Он достал из портфеля портативную машинку «Колибри», заправил в нее три экземпляра и принялся бодро отстукивать опись. Но, дойдя до «Сигар гаванских („Корона коронас“) – 2 ящ.», он перестал вдруг печатать, поднялся и вновь полез в чемодан. Достав эти самые «2 ящ.», он быстро раскрыл их один за другим перочинным ножом. В первом ящике действительно, как снаряды, были уложены длинные алюминиевые футляры с великолепными, золотисто-серого цвета сигарами. Зато второй ящичек вместо тривиальных сигар порадовал хорошенькой иконкой. Была она на гнутой доске и выглядела весьма старой, хотя краски, слегка, правда, облупившиеся, сверкали удивительно свежо. Фон иконы был светлый, как вечереющее тепло-латунное небо. Три синие фигуры с крыльями и золотистыми нимбами вокруг голов сидели за овальным столом, уставленным одними только чашами. В руках небожителей были длинные тонкие копья. Складки их синих хитонов были очерчены схематично и резко.

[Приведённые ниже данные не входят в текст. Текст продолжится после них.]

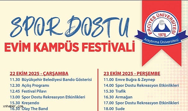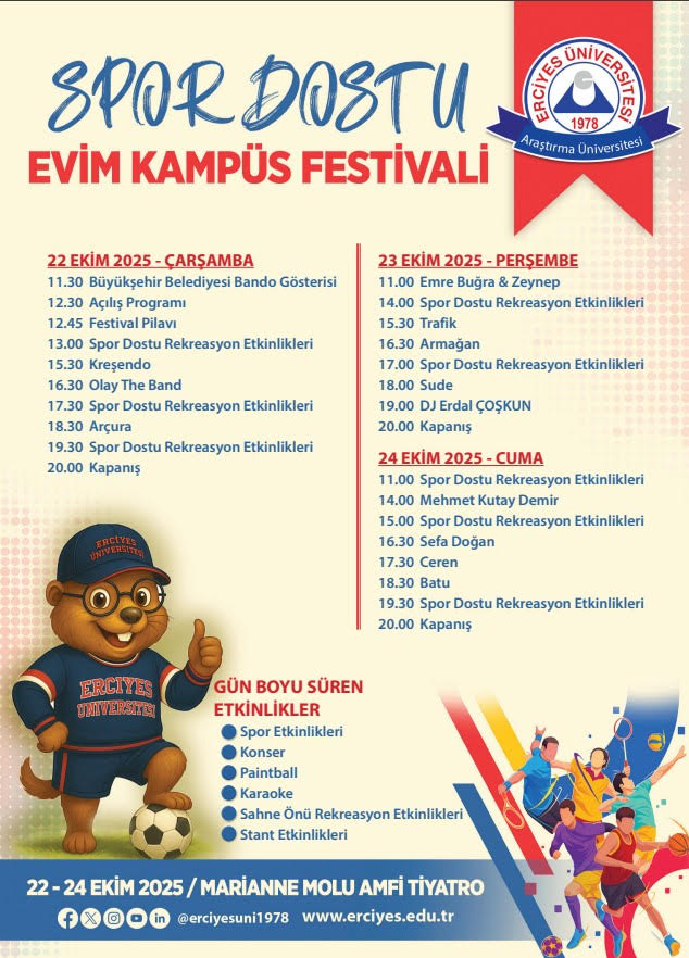 Spor Dostu Evim Kampüs Festivali 2025 Erciyes Üniversitesi’nde 22-24 Ekim tarihleri arasında gerçekleşiyor. Üç gün boyunca sürecek festivalde, öğrenciler ve katılımcılar müzik, spor ve eğlence dolu aktivitelerle dolu bir programla buluşacak.

Бесстрастная, не проронившая за все это время ни слова Женевьева Овчинникова при виде иконы явно взволновалась.
– Вам она знакома? – спросил ее Люсин.
– Нет! – почти выкрикнула Женевьева и, отрицательно покачав головой, уже спокойно добавила. – Эта, – здесь она сделали ударение, – мне незнакома. Но точно в такой же манере выполнена знаменитая рублевская «Троица»… Может, всего лишь копия?

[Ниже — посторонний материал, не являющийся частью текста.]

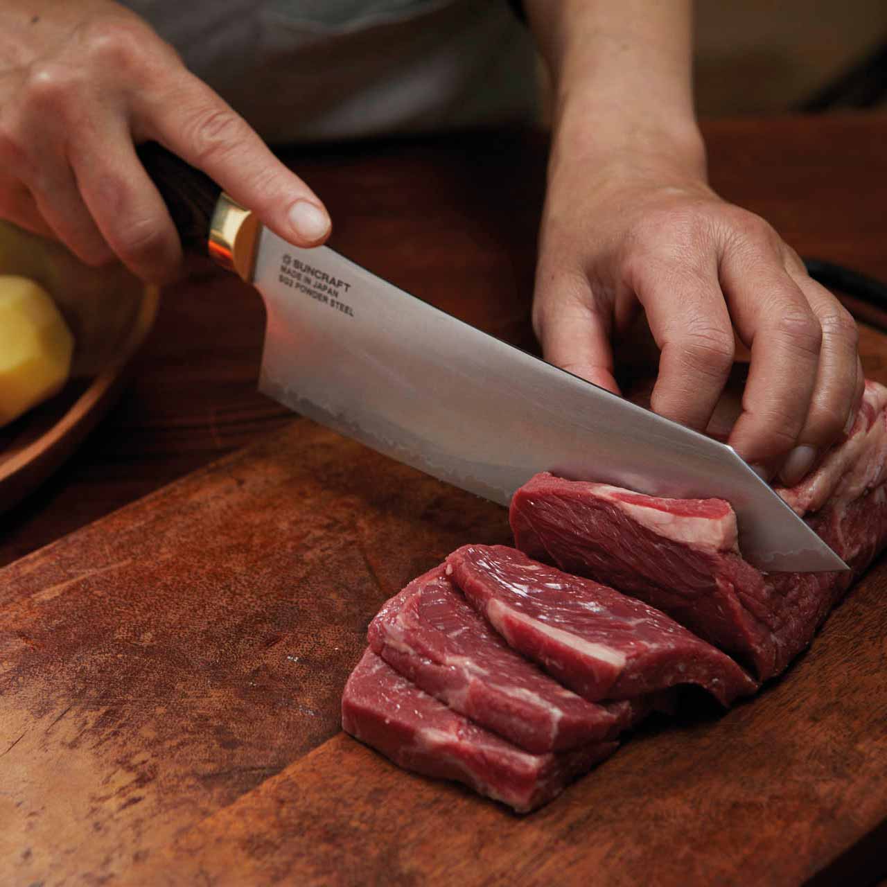 The Elegancia series impresses with its high-quality materials and elegant design. The curved handle made of walnut-colored pakka wood is embedded in a brass ferrule that takes on a patina over the years. This natural aging gives the knives an antique appearance and, in combination with the shapely blades of the Elegancia series, beguiles with an extraordinary look. Forged from SG2 powder steel and with a Rockwell hardness of 63 HRC, these blades promise a long-term cooking experience. Above all, the selected components stand for a knife collection that will continue to inspire for decades thanks to its high-quality character.

Засыпавший уже чиновник тоже несколько оживился.
– Это криминал? – спросил он по-русски. Тут только Люсин сообразил, что все это время разговор шел на другом языке. Впрочем, такое было в порядке вещей. Не переводить же специально для фотографа, которому было, как говорится, до лампочки.

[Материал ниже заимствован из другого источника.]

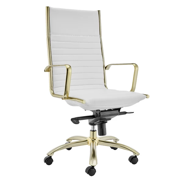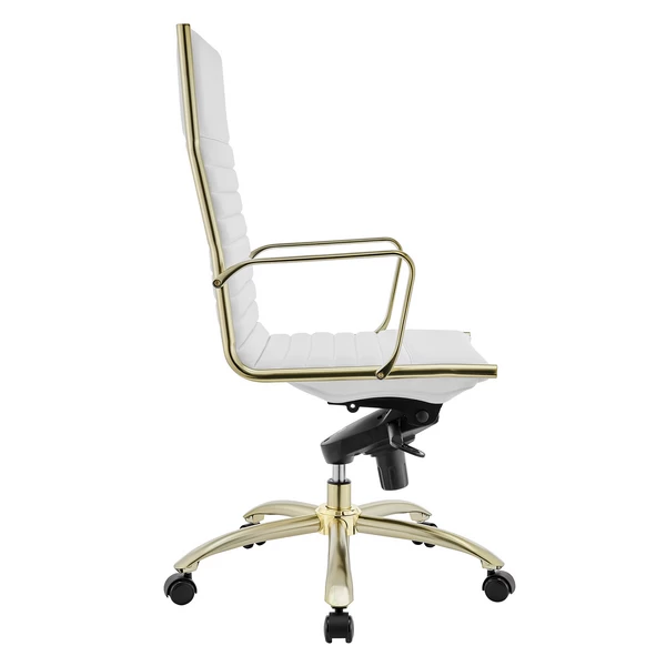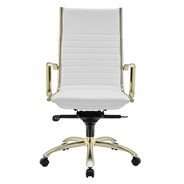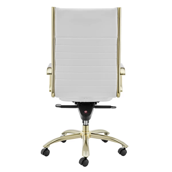 Designed with a high back, brushed gold tone frame, and channeled faux-leather upholstery, this desk chair brings both style and function to the home office. Constructed in one piece, its seat and back interior is wrapped in flat bungie banding for all-day comfort, while casters make the chair easy to move without damaging your floors.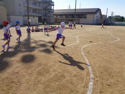 川跳び遊びでは、グラウンドに川に見立てて白線を引き、そこをジャンプで跳び越えました。川の幅をよく見て、自分が跳べそうなところから始め、少しずつ幅が広いところにチャレンジしていきました。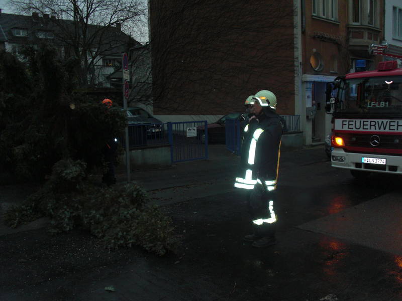Das abgerissene Kreuz der Kirche in Libur ist mit den Mitteln der Feuerwehr nicht effektiv zu bergen, auch eine Drehleiter reicht nicht aus.Die weiteren, für einen Sturm typischen Einsätze, verteilten sich auf die Stadtteile Porz-Langel, Wahn, Eil, Neustadt Nord, Rodenkirchen, Mülheim, Deutz, und Altstadt Nord. Die Aufgaben für die Löschgruppe lagen dabei ebenfalls im gewohnten Bereich. Neben der Navigation zu den einzelnen Einsatzstellen, die an sich schon mal zu einer Herausforderung werden kann, wurden Bäume gesägt, Bereiche abgesperrt und Anwohner informiert.

– Криминал? – переспросил Люсин, как будто слово его озадачило. – Это уже как взглянуть. Во всяком случае, если она оригинальна, то вывозить ее из страны нельзя. Тем более таким способом. – Он покрутил пальцами и кивнул на раскрытый ящик. – Даже на эти картинки – на Женщину эту и Смерть – нужно специальное разрешение. Ведь не все, что продается, можно вывозить, не так ли?
– Конечно, – понимающе согласился чиновник. – У МИС тоже такие законы.
– Ну вот видите… – поскреб подбородок Люсин. – Эта находка сообщает всему делу определенный нюанс… Вы понимаете в иконах, Женевьева Александровна? – спросил он вдруг по-русски, резко повернувшись к девушке.
– Немного разбираюсь, – скорчив пренебрежительную гримаску, сказала она. – Я же окончила искусствоведческий.
– Это прекрасно, это очень прекрасно! – Люсин даже руки потер. – Вы непременно дадите мне консультацию.
– Если смогу, пожалуйста, – равнодушно согласилась Женевьева.
– А вы почему не были вчера в театре на Таганке, мадам Локар? – вдруг неожиданно спросил Люсин.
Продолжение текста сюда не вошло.